The field of transcription elongation research has evolved with the identification of numerous transcription elongation factors. Although it has become a well-established field such that university textbooks write about it, it continues to be an active research field with many papers dealing with its functional and structural studies published in top journals.
Physiological significance of elongation control
Apart from mechanistic studies on transcription elongation, research aimed at elucidating its physiological significance is being conducted in parallel. In addition to research conducted using cultured human cells as a model system, there are also studies that are conducted as collaborative research using various model organisms.
The first obvious physiological significance of elongation control is its role in inducing transcription of a group of genes that are rapidly expressed in response to external stimuli, collectively referred to as immediate-early genes. The physiological significance of elongation control is considered to stall Pol II just before comleting mRNA synthesis, keeping chromatin in an active state so that transcription can be resumed promptly when an external stimulus arrives, and studies of genes rapidly expressed in response to heat shock, growth factors, hormones, and so on have indeed confirmed this idea.
Collaborative studies using zebrafish and Drosophila have also revealed that elongation control plays an important role in the development and differentiation of the central nervous system.

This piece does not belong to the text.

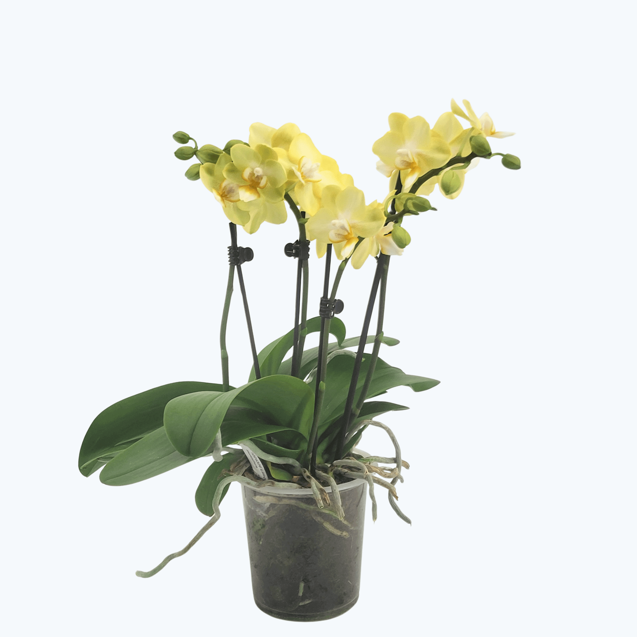 Die Two of Us Limone ist eine exklusive Neuheit in unserem Sortiment. Two of Us Limone ist eine elegante Orchidee mit zart hellgelben Blüten, die jedem Raum eine frische und freundliche Atmosphäre verleihen. Ihre langlebigen, strahlenden Blüten und die pflegeleichte Natur machen sie zur perfekten Wahl für Zuhause oder stilvolles Geschenk. Eine zeitlose Schönheit für jedes Interieur. Im Überblick: 4 Blütenrispen Topfgröße: 12 cm Größe: ca. 40 – 45 cm

The expression of a large number of cell type-specific genes fluctuates dynamically during development and differentiation; therefore, a situation similar to that of immediate-early genes seems to occur.
In addition, the recent development of next-generation sequencers has made it possible to obtain detailed information on the entire genome. This has made it possible to study the behavior of Pol II and transcription factors over individual genes, which is unapproachable by biochemistry. In fact, it has become clear that the regulation of transcription elongation by DSIF and NELF is important for overall genome expression.
Regulatory mechanisms of transcription termination: how diverse transcriptomes are generated
Our lab is also actively investigating the mechanism by which transcription termination control gives rise to diverse transcriptomes. Pol II-transcribed genes have three distinct 3' end processing pathways, which are normally selected for each gene. In principle, 3' end processing is tightly coupled to transcription termination, 3' end processing inducing transcription termination. We have recently obtained evidence that factors thought to be involved in transcription initiation and elongation (NELF, CBC, Mediator, LEC, and so on) are also involved in the selection of the three processing pathways. Moreover, many genes have multiple transcription termination sites, and we are identifying and analyzing factors involved in the selection of these sites. It is likely that diverse transcriptomes are generated from the same genome in different cell types in part through the regulation of the transcription termination steps.
We are trying to address these challenges by combining genomic and transcriptomic analysis using next-generation sequencers with proteomic analysis using state-of-the-art mass spectrometry and genetic methods using CRISPR/Cas9. This is where the bioinformatics approach becomes very important.